Author : Vattipally Latha 1
Date of Publication :16th May 2018
Abstract: Most existing work makes of MapReduce efficiency development via optimizing its information transmission. Additionally to information partition, many efforts have been made on nearby aggregation, in-mapper combining and in-network aggregation to decrease network visitors inside MapReduce jobs. The goal of enhancement of network visitors is done with the aid of utilizing partition and aggregation. In line with typical system a hash function is used to partition intermediate knowledge amongst scale back duties however the natural operate will not be efficient to control network traffic. A new intermediate data partition scheme is designed to lessen network user’s rate in MapReduce. The aggregator placement concern is regarded, where each and every aggregator can slash merged traffic from more than one map duties. On this paper, we are studying the joint optimization of intermediate data partition and aggregation in MapReduce to lessen network traffic cost for large information purposes. We advocate a three-layer model for this hindrance and formulate it as a mixed-integer nonlinear main issue, which is then transferred into a linear kind that may be solved by way of mathematical tools.
Reference :
-
- J. Dean and S. Ghemawat, “Mapreduce: simplified data processing on large clusters,” Communications of the ACM, vol. 51, no. 1, pp. 107– 113, 2008.

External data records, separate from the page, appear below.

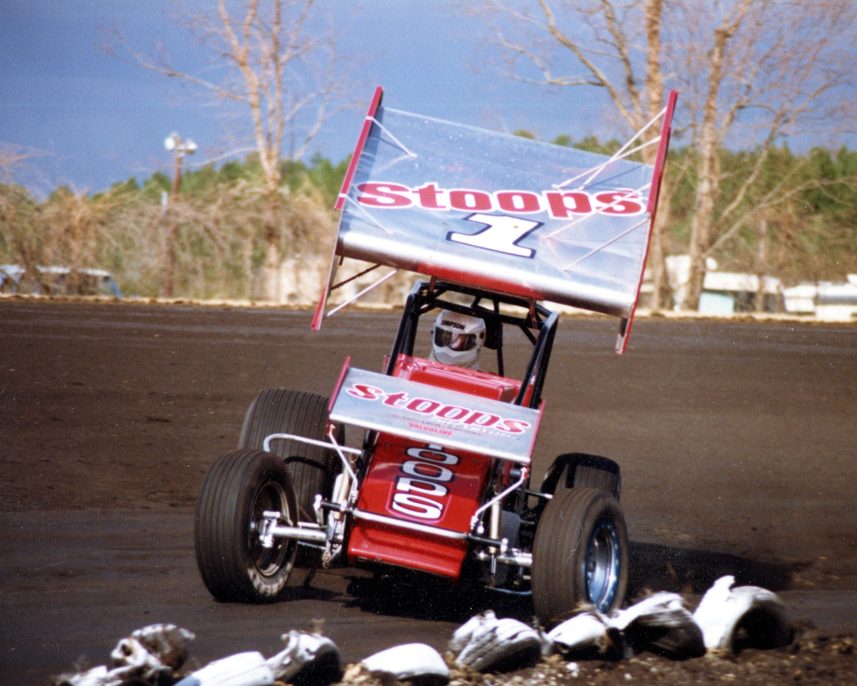 Steve Butler driving the Stoops sprinter at Jacksonville, FL. This race kicked-off the traditional winter series of sprint car races in Florida.
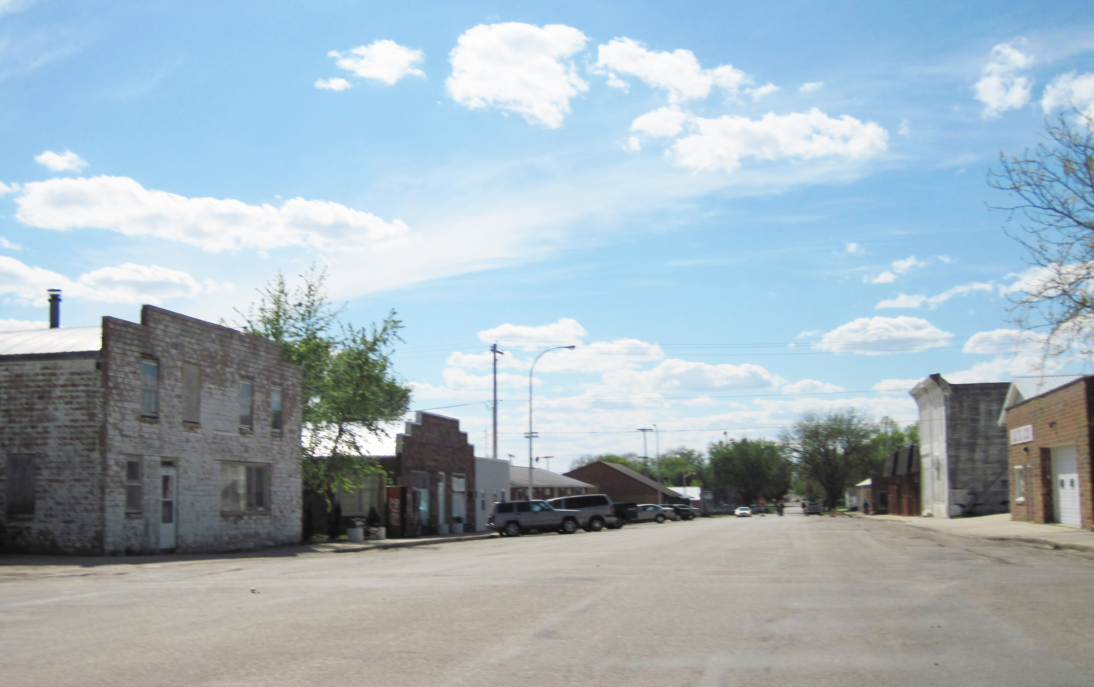 Early
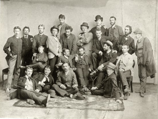 „Students at the Munich Academy, 1886. Seated: Widhopf (centre), Mucha (in profile) and Mašek (right). Marold and Pasternak are among those standing“
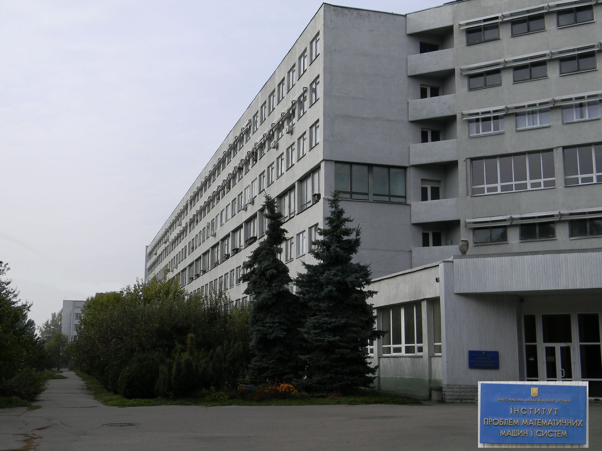 It is a photo of scientific state organization. It is my own photo.
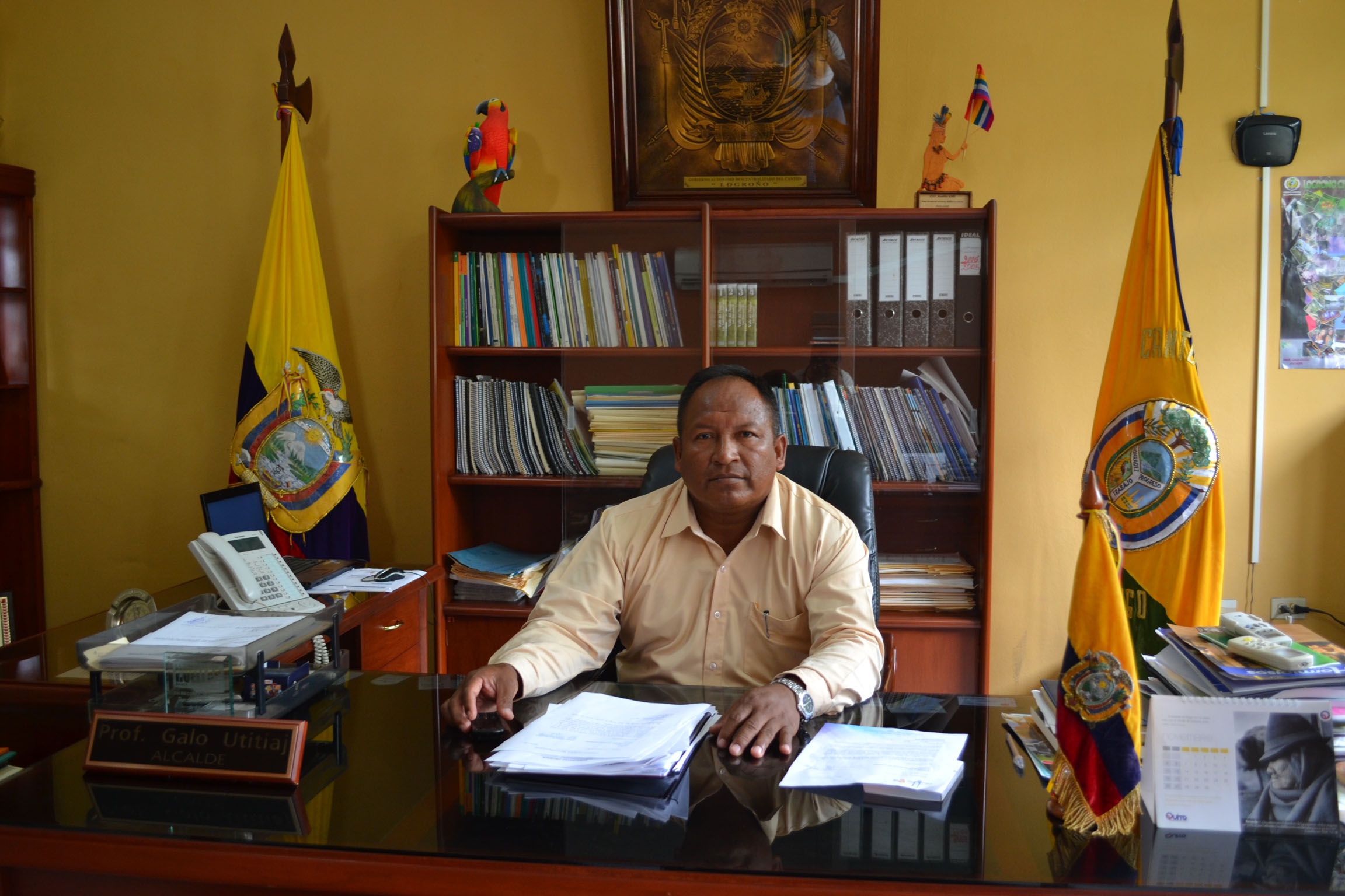 Mayor of Logroño, Galo Utitiaj from Shimpis (2009-2013)
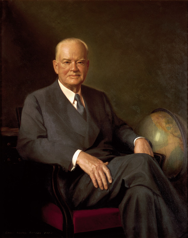 Official presidential portrait of Herbert Hoover; it replaced the previous official portrait (painted by John Christen Johansen in 1941) by Hoover's request.
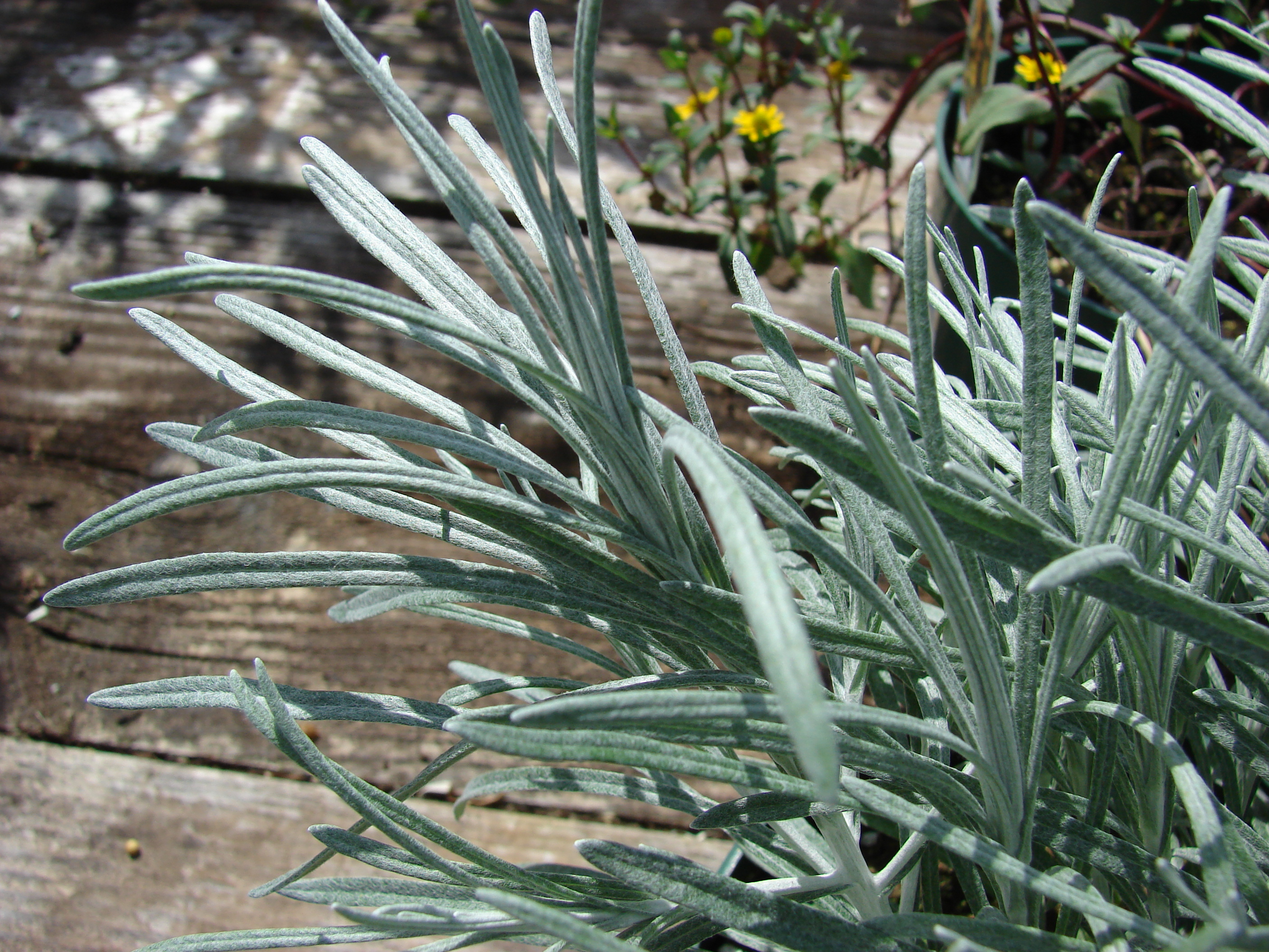 Helichrysum thianschanicum (Icicles leaves). Location: Maui, Home Depot Nursery Kahului
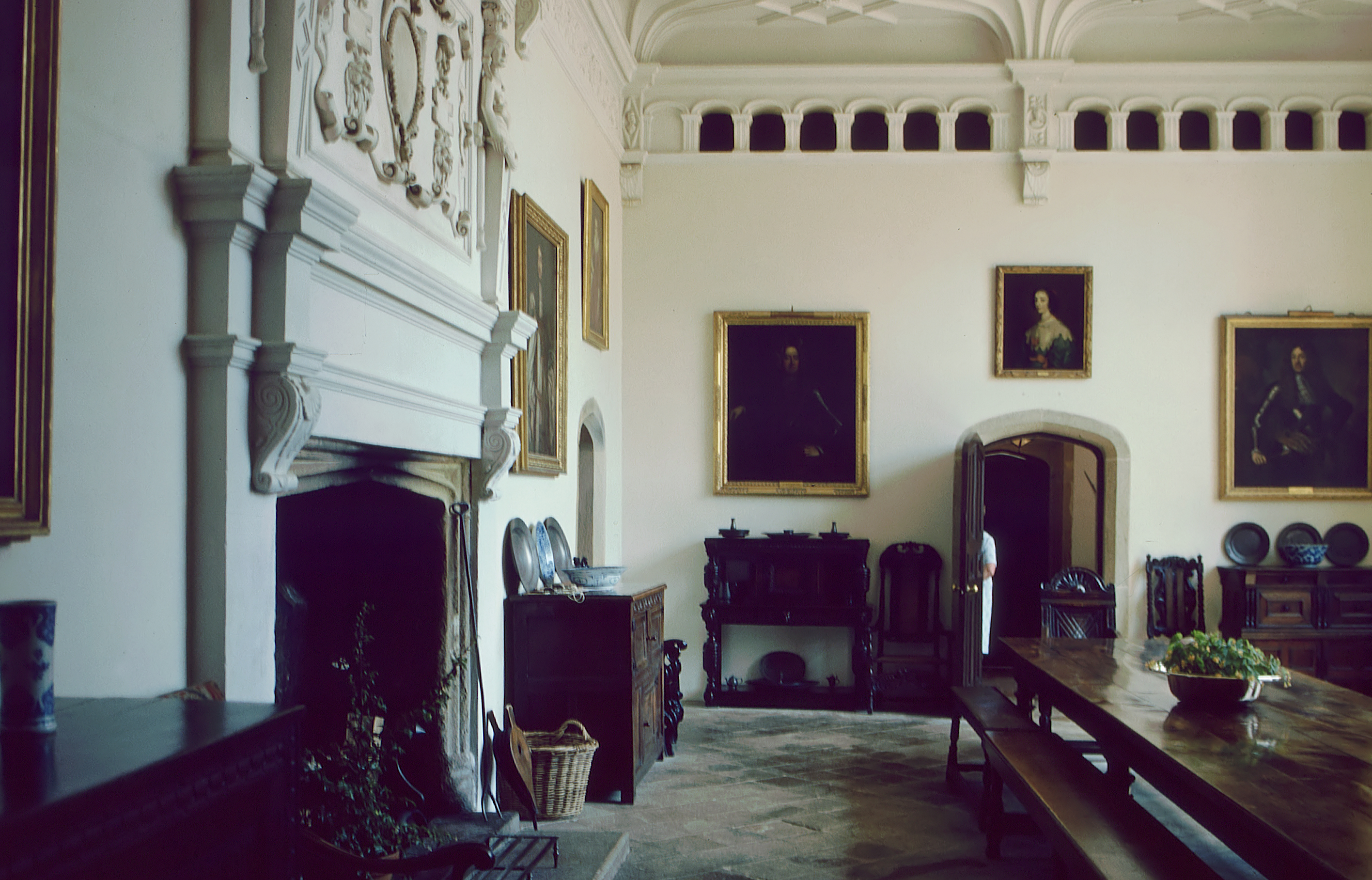 Trerice House - Dining Hall. Elizabethan Manor House near Newquay, Cornwall/England
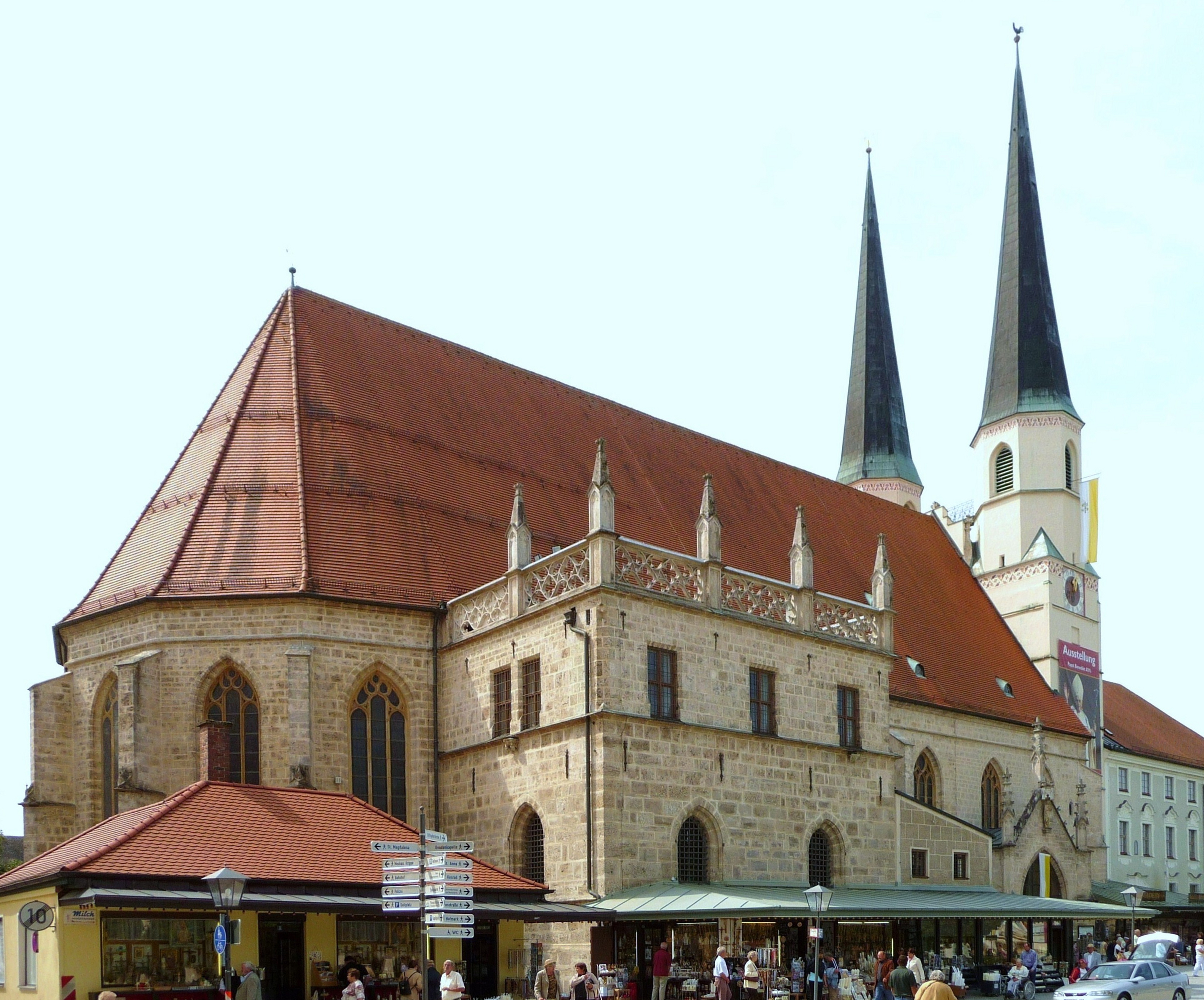 Altötting, Parish Church (former Church of the Augustinian Canons) of St Philip and James from north-east.
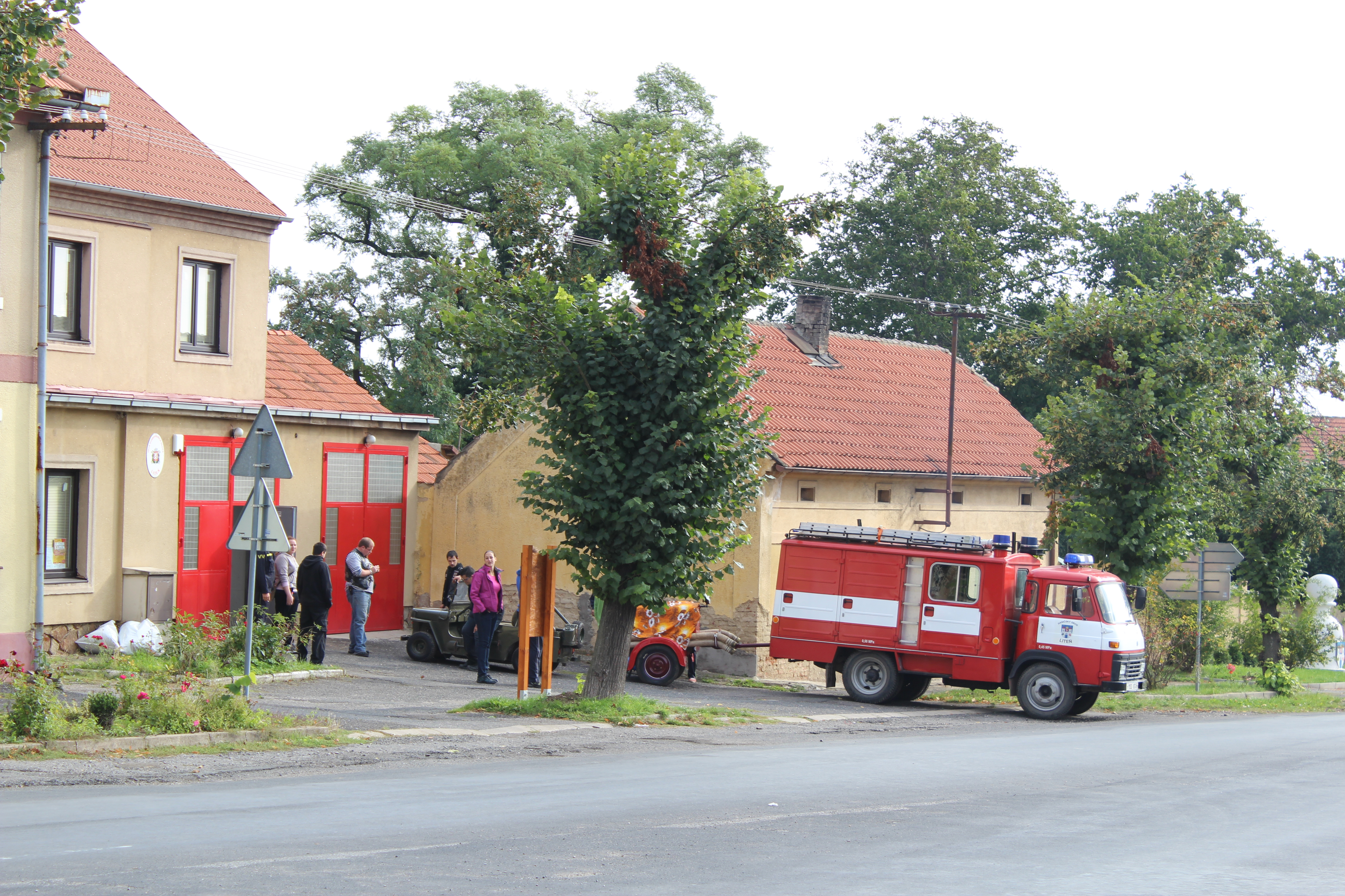 Fire station in Liteň (Beroun District)
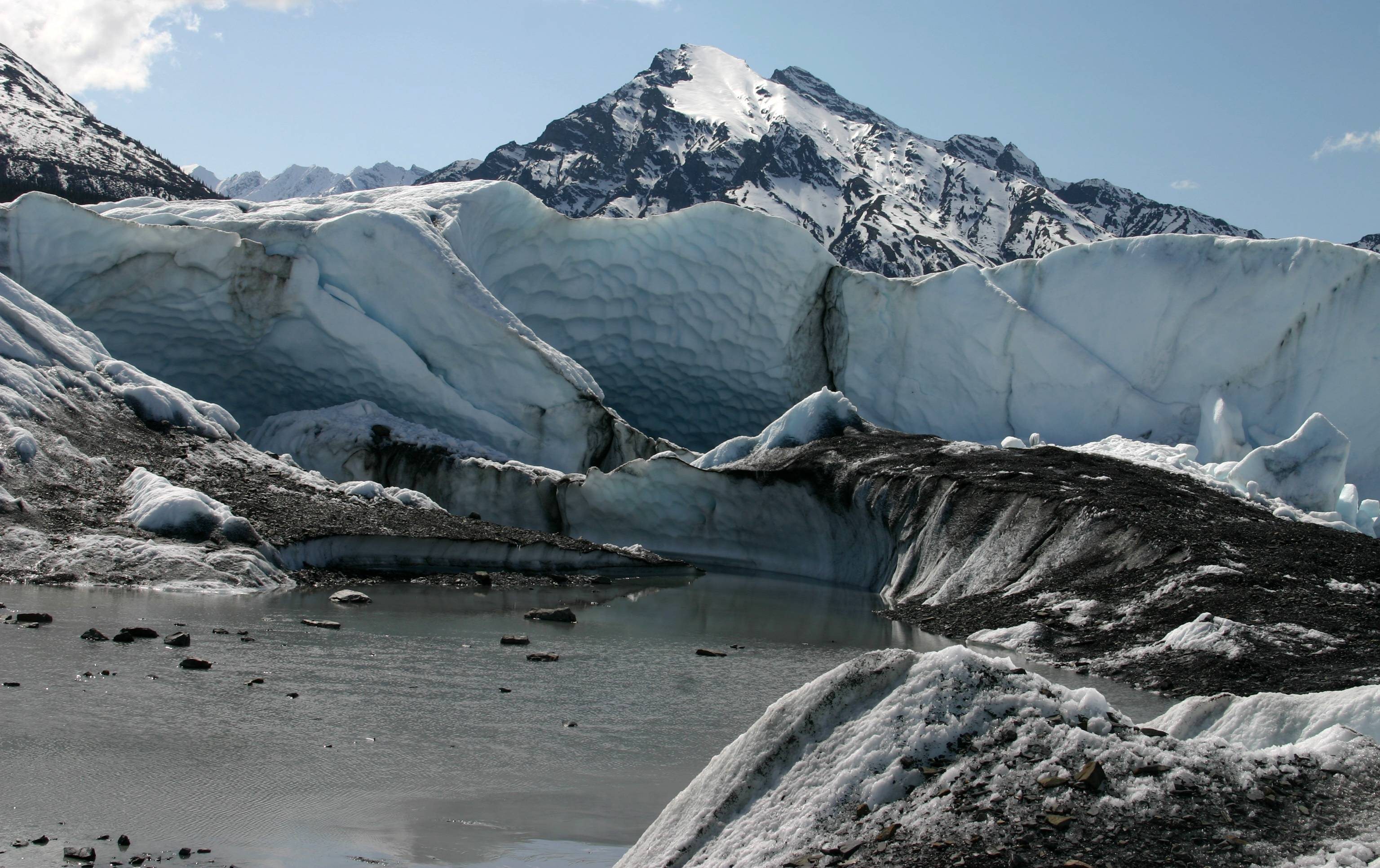 Taken on a day trip to the Matanuska Glacier, about 100 miles NE of Anchorage, Alaska in May 2008.

- W. Wang, K. Zhu, L. Ying, J. Tan, and L. Zhang, “Map task scheduling in mapreduce with data locality: Throughput and heavy-traffic optimality,” in INFOCOM, 2013 Proceedings IEEE. IEEE, 2013, pp. 1609–1617.
- F. Chen, M. Kodialam, and T. Lakshman, “Joint scheduling of processing and shuffle phases in mapreduce systems,” in INFOCOM, 2012 Proceedings IEEE. IEEE, 2012, pp. 1143–1151.
- Y. Wang, W. Wang, C. Ma, and D. Meng, “Zput: A speedy data uploading approach for the hadoop distributed file system,” in Cluster Computing (CLUSTER), 2013 IEEE International Conference on. IEEE, 2013, pp. 1–5.
- T. White, Hadoop: the definitive guide: the definitive guide. ” O’Reilly Media, Inc.”, 2009
- S. Chen and S. W. Schlosser, “Map-reduce meets wider varieties of applications,” Intel Research Pittsburgh, Tech. Rep. IRP-TR-08-05, 2008.
- J. Rosen, N. Polyzotis, V. Borkar, Y. Bu, M. J. Carey, M. Weimer, T. Condie, and R. Ramakrishnan, “Iterative mapreduce for large scale machine learning,” arXiv preprint arXiv:1303.3517, 2013.
- S. Venkataraman, E. Bodzsar, I. Roy, A. AuYoung, and R. S. Schreiber, “Presto: distributed machine learning and graph processing with sparse matrices,” in Proceedings of the 8th ACM European Conference on Computer Systems. ACM, 2013, pp. 197– 210.
- A. Matsunaga, M. Tsugawa, and J. Fortes, “Cloudblast: Combining mapreduce and virtualization on distributed resources for bioinformatics applications,” in eScience, 2008. eScience’08. IEEE Fourth International Conference on. IEEE, 2008, pp. 222–229.
- J. Wang, D. Crawl, I. Altintas, K. Tzoumas, and V. Markl, “Comparison of distributed data-parallelization patterns for big data analysis: A bioinformatics case study,” in Proceedings of the Fourth International Workshop on Data Intensive Computing in the Clouds (DataCloud), 2013.